Pour chaque scène, Grand Corps Malade et Mehdi Idir ont effectué un découpage technique dans le détail : "Où met-on la caméra ? Pourquoi ? Comment ? Quel mouvement ? Pour les personnages, on a réfléchi à leurs tenues, leurs coiffures. On voulait présenter nos envies aux chefs de poste de façon précise. Eux, en retour, nous ont fait des propositions. Je suis toujours aussi fasciné par leur professionnalisme. On a eu la chance de travailler avec la même équipe que pour Patients", déclare GCM.
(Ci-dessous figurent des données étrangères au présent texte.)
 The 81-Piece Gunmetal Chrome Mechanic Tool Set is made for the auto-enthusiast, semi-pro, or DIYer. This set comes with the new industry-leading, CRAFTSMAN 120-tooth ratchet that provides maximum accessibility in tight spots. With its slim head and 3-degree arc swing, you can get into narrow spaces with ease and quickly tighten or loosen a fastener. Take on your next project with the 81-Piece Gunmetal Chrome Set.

"Patients n’a pas modifié notre envie de tourner avec des acteurs peu connus", confie Mehdi Idir. "On aurait pu être tenté de réaliser La Vie scolaire avec des stars. Mais ce n’est pas le cinéma qu’on veut faire. Sur Patients, malgré la difficulté à financer un film sans têtes d’affiche, nos producteurs Éric et Nicolas Altmayer, tout comme Jean-Rachid, nous ont suivis. Alors on est reparti sur le même schéma."
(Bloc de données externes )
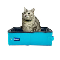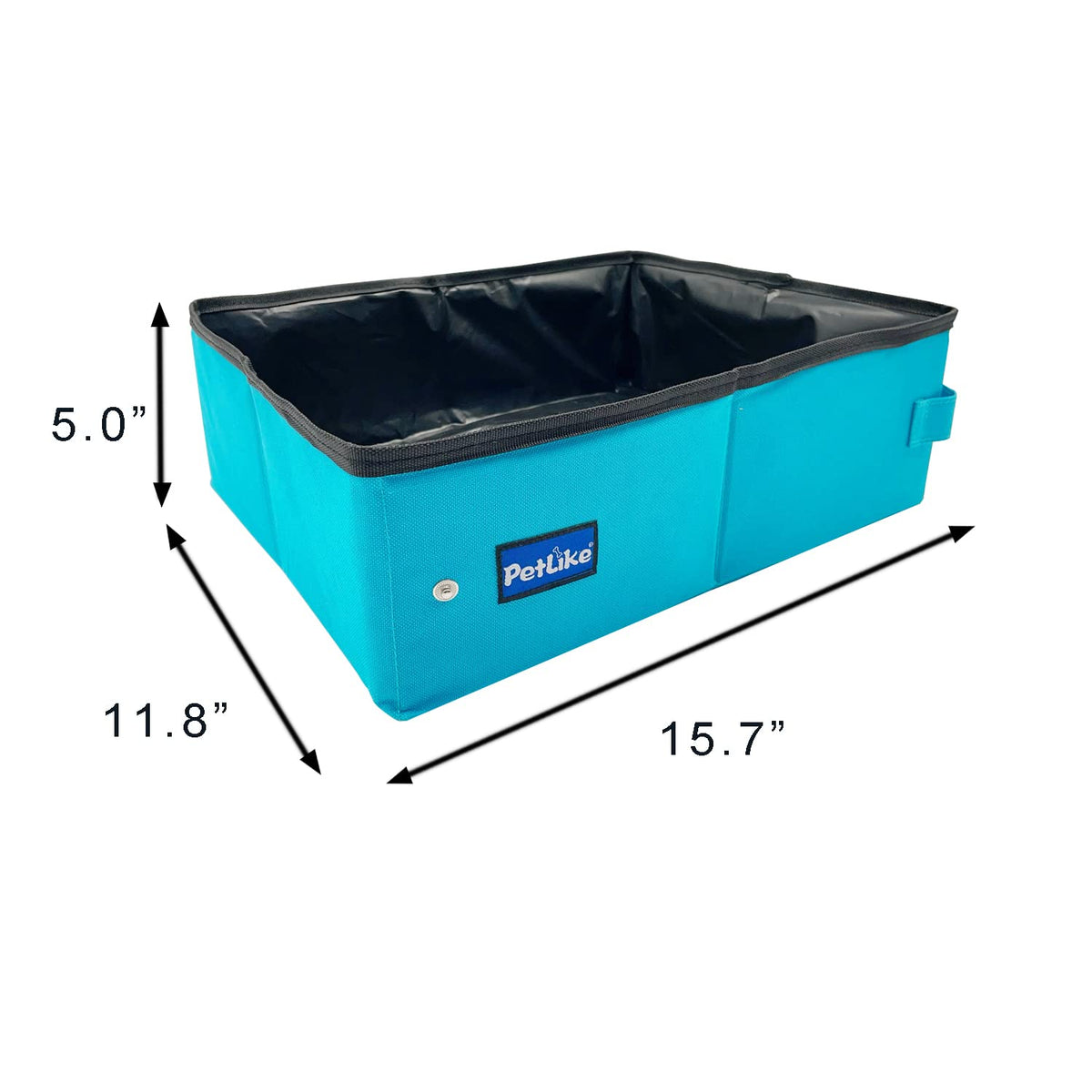 Petlike Travel Cat Litter Box, Leak-Proof Portable Litter Box, Collapsible Toilet Tray Carrier For Small Medium Cats (Medium, Aqua)

Pour Grand Corps Malade et Mehdi Idir, la priorité sur le tournage était d’abord les comédiens. Ils accordent beaucoup d’importance à leur jeu et répètent beaucoup avec eux. "Chaque fois qu’on refait une scène, c’est parce qu’on pense obtenir une émotion juste. La seconde priorité était d’intégrer les habitants de la cité où on a tourné, celle des Francs-Moisins à Saint-Denis. On a recruté plus de 200 personnes dont une centaine d’enfants. L’été, la plupart ne partent pas en vacances et ne font rien de leur journée. Sur 5 personnages principaux, 3 sont issus du quartier, comme tous les figurants. C’était valorisant pour les gosses d’avoir été choisis, de devenir comédien avec un salaire. On leur a fait sentir qu'on avait besoin d'eux. Ils se sentaient importants, respectés et avaient envie de bien faire", soulignent les réalisateurs.
Pour parvenir à tirer une performance réaliste des enfants dans La Vie scolaire, Grand Corps Malade, Mehdi Idir ont répété avec eux toutes les scènes durant 15 jours dans une classe. "On était curieux de voir comment allaient réagir ces 25 élèves dont aucun ne sait ce qu’est le cinéma. Il fallait qu’ils soient en confiance, connaissent leur texte et que les figurants jouent le jeu d’une classe qui fout le bordel. Le groupe a existé dès les répétitions. C'est la magie des gamins. Ils sont vifs, intelligents, comprennent vite, s'approprient le texte et amènent le rôle ailleurs. Je ne veux pas dénigrer le travail des pros, mais parfois on a le sentiment que certains acteurs comprennent ce que tu attends et te le servent. Les gamins eux, restent eux-mêmes", confient les cinéastes.